Glacier Bay National Park

Many of us felt the call: A wildness tugging us deckside even before the early riser’s snack. At 0545 hours, faint dawn light revealed a crepuscular Glacier Bay. In the sky, wispy blued ovoids wink and blink.

Descending eyes absorbing a dragon-clouded Fairweather massif; horns, flying buttresses, arettes, cols, gendarmes, ice-filled couloirs. And the draping, carving glacier blanket; hanging glaciers, cirque glaciers, ice falls, crevasses, seracs all finally coalescing into tributary and main trunk valley glaciers stretching dozens of miles to tidewater. Blackened sedimentaries streaking/signing the glacier’s medians and laterals. A giant conveyor promising for a land and sea fiesta.

Bow-riding the Sea Bird, we are slowly advancing towards the glacier’s snout; hundreds of harbor seals indifferent upon their ice bergs, bergy bits and growlers. The fjord’s walls contract, its bottom sill rising and falling, we’re crossing to the final bathymetric basin with more than 600 feet of depth. A mushy-seamed surface comprising floating ice of every imaginable size and form…the Sea Bird can go no closer.

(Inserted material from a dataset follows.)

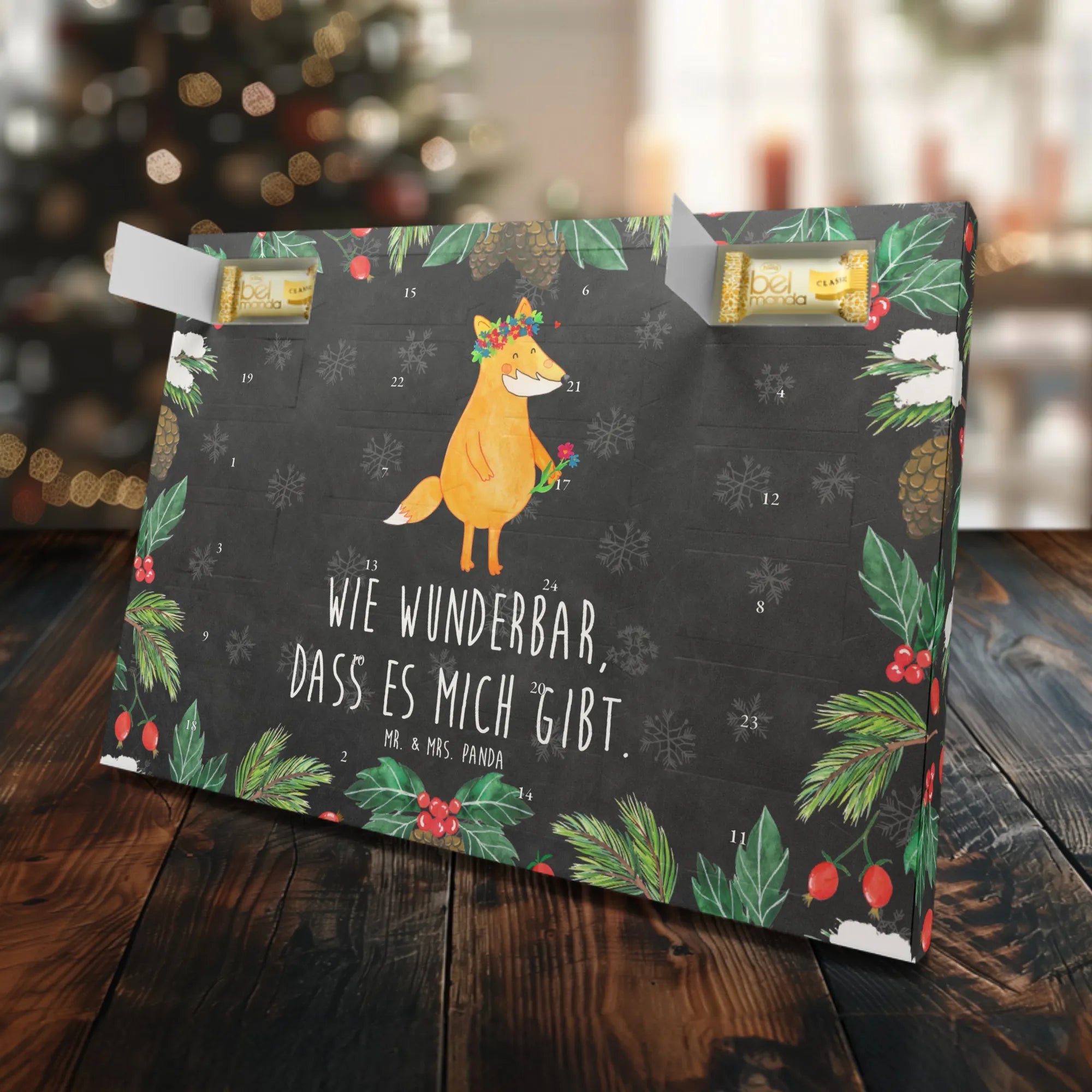 Häng ihn auf oder stelle ihn auf – ganz nach deinem Geschmack! Perfekt geeignet für den Adventsmonat, als kleines Motivationsgeschenk oder um Freunden und Familie deine Liebe zu zeigen. Der Adventskalender ist ein toller Liebesbeweis für alle Fuchs-Liebhaber und Naturliebhaber.

Our staff cued us for each tidewater ice calving: “see the dust falling there…that one might go!” and then visual serac and ice-wall tons collapsing seaward. Following a sound wave thumping our chests. Slowly, slowly the water wave follows, the glacier front kittiwakes returning to the feeding frenzy below the snout. Our bow riders hold the deck’s rail as the wave lifts Sea Bird.

Turning, sailing down fjord passing many of the 12 tidewater glaciers. Each making for a fjord estuary exceptionally sedimentary rich. Sea-bound, each nautical mile couple fast forwarding a decade in coastal temperate rainforest time.

A primary virgin rainforest growing tall and rich replete with healthy salmoned streams. And the spawning runs are on! King, Coho, Pink, Chum and Sockeye. And their predators...a coastal brown bear sow and her two yearlings salmon-feasting. Hauled-out Steller sea lions drapping the islets. Tufted puffins aflighting from their cliffy perchs to search and feed-dive deep; signing connections between sky and land and sea.